*** Begin section ***

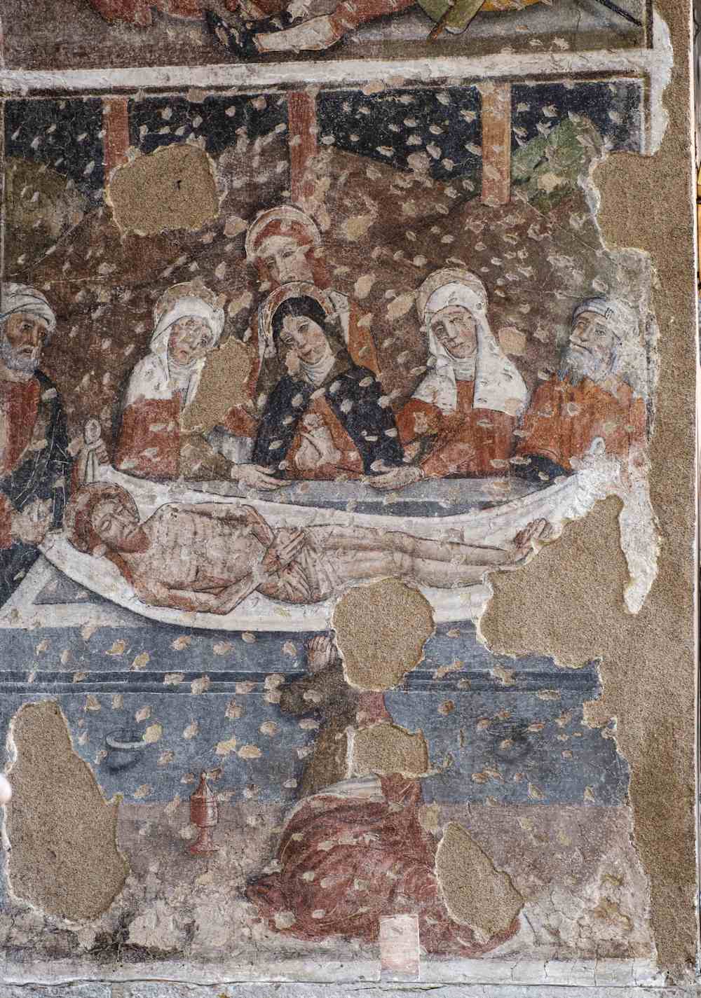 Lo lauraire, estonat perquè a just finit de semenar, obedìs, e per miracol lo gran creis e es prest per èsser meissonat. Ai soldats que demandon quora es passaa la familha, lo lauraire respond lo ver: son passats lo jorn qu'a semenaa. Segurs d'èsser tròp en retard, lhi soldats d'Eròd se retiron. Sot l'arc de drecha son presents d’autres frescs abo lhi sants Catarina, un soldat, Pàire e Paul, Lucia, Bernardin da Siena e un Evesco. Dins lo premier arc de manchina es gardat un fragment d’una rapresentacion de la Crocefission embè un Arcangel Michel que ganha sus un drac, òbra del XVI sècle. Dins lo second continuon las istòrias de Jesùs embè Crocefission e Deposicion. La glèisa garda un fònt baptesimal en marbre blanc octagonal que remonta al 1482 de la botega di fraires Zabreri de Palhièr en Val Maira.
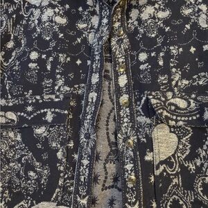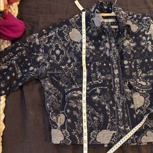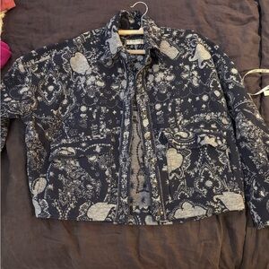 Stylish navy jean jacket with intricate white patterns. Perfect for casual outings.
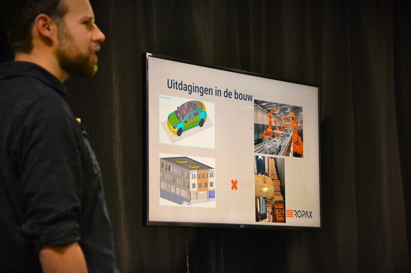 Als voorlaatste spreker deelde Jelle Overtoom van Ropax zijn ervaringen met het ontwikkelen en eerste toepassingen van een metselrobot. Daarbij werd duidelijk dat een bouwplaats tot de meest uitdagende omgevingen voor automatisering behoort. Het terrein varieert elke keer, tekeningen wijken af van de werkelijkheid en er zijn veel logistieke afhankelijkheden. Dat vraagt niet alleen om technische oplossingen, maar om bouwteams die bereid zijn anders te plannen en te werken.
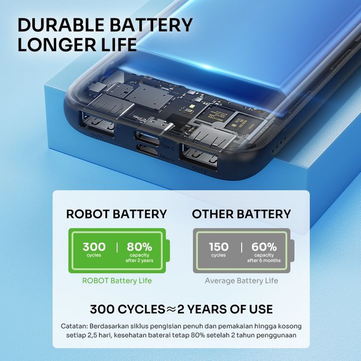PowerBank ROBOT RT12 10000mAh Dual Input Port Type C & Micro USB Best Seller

*** End section ***

The complete listing must be transcribed verbatim, and all pictures are to be omitted.

 Lo lauraire, estonat perquè a just finit de semenar, obedìs, e per miracol lo gran creis e es prest per èsser meissonat. Ai soldats que demandon quora es passaa la familha, lo lauraire respond lo ver: son passats lo jorn qu'a semenaa. Segurs d'èsser tròp en retard, lhi soldats d'Eròd se retiron. Sot l'arc de drecha son presents d’autres frescs abo lhi sants Catarina, un soldat, Pàire e Paul, Lucia, Bernardin da Siena e un Evesco. Dins lo premier arc de manchina es gardat un fragment d’una rapresentacion de la Crocefission embè un Arcangel Michel que ganha sus un drac, òbra del XVI sècle. Dins lo second continuon las istòrias de Jesùs embè Crocefission e Deposicion. La glèisa garda un fònt baptesimal en marbre blanc octagonal que remonta al 1482 de la botega di fraires Zabreri de Palhièr en Val Maira.
 Stylish navy jean jacket with intricate white patterns. Perfect for casual outings.
 Als voorlaatste spreker deelde Jelle Overtoom van Ropax zijn ervaringen met het ontwikkelen en eerste toepassingen van een metselrobot. Daarbij werd duidelijk dat een bouwplaats tot de meest uitdagende omgevingen voor automatisering behoort. Het terrein varieert elke keer, tekeningen wijken af van de werkelijkheid en er zijn veel logistieke afhankelijkheden. Dat vraagt niet alleen om technische oplossingen, maar om bouwteams die bereid zijn anders te plannen en te werken.
PowerBank ROBOT RT12 10000mAh Dual Input Port Type C & Micro USB Best Seller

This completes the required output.